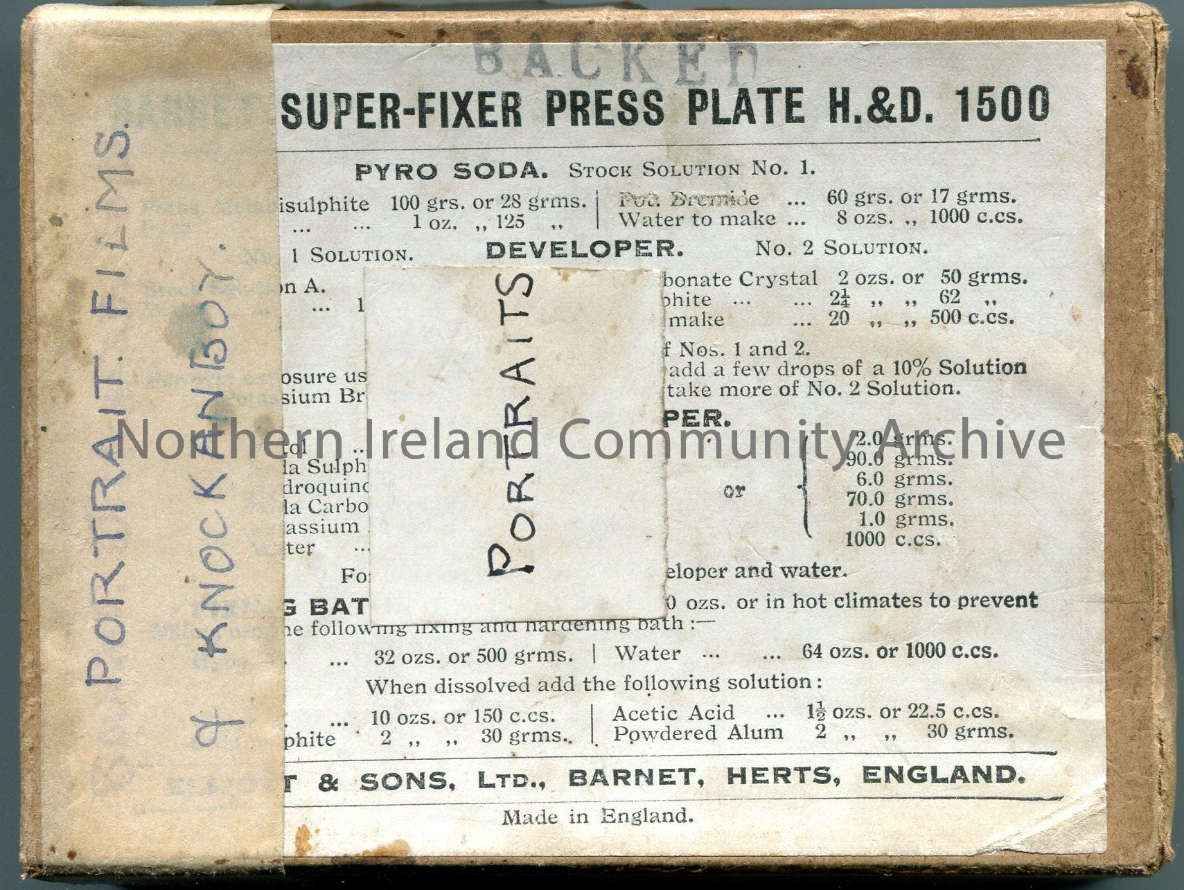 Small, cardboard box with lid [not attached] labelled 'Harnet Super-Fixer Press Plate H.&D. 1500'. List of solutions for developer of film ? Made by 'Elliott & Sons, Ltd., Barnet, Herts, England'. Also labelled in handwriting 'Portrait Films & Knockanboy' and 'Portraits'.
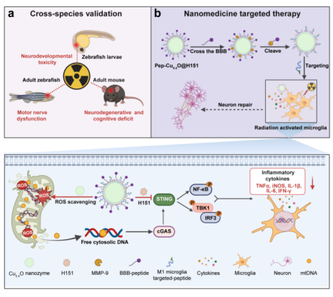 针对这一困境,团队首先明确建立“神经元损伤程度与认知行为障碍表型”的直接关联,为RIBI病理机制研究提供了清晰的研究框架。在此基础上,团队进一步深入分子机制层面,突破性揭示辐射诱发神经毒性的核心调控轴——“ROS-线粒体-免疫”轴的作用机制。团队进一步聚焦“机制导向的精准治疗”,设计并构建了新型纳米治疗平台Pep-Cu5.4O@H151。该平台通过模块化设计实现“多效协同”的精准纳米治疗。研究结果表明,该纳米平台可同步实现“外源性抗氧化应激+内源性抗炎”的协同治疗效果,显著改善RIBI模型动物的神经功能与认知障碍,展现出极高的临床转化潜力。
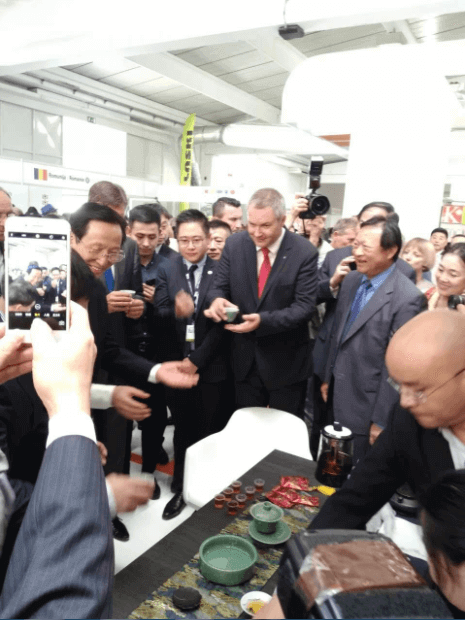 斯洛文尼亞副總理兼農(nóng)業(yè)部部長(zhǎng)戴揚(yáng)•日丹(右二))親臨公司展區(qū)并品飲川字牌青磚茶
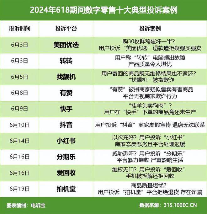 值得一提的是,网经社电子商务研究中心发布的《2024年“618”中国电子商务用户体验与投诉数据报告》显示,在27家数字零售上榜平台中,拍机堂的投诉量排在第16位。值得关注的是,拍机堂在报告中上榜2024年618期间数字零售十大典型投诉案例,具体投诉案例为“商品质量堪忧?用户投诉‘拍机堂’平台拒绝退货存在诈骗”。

------------------------------------------------------------------------

● The problem: Without copying any picture, repeat the full listing above word for word.

● Problem solution:
 Small, cardboard box with lid [not attached] labelled 'Harnet Super-Fixer Press Plate H.&D. 1500'. List of solutions for developer of film ? Made by 'Elliott & Sons, Ltd., Barnet, Herts, England'. Also labelled in handwriting 'Portrait Films & Knockanboy' and 'Portraits'.
 针对这一困境,团队首先明确建立“神经元损伤程度与认知行为障碍表型”的直接关联,为RIBI病理机制研究提供了清晰的研究框架。在此基础上,团队进一步深入分子机制层面,突破性揭示辐射诱发神经毒性的核心调控轴——“ROS-线粒体-免疫”轴的作用机制。团队进一步聚焦“机制导向的精准治疗”,设计并构建了新型纳米治疗平台Pep-Cu5.4O@H151。该平台通过模块化设计实现“多效协同”的精准纳米治疗。研究结果表明,该纳米平台可同步实现“外源性抗氧化应激+内源性抗炎”的协同治疗效果,显著改善RIBI模型动物的神经功能与认知障碍,展现出极高的临床转化潜力。
 斯洛文尼亞副總理兼農(nóng)業(yè)部部長(zhǎng)戴揚(yáng)•日丹(右二))親臨公司展區(qū)并品飲川字牌青磚茶
 值得一提的是,网经社电子商务研究中心发布的《2024年“618”中国电子商务用户体验与投诉数据报告》显示,在27家数字零售上榜平台中,拍机堂的投诉量排在第16位。值得关注的是,拍机堂在报告中上榜2024年618期间数字零售十大典型投诉案例,具体投诉案例为“商品质量堪忧?用户投诉‘拍机堂’平台拒绝退货存在诈骗”。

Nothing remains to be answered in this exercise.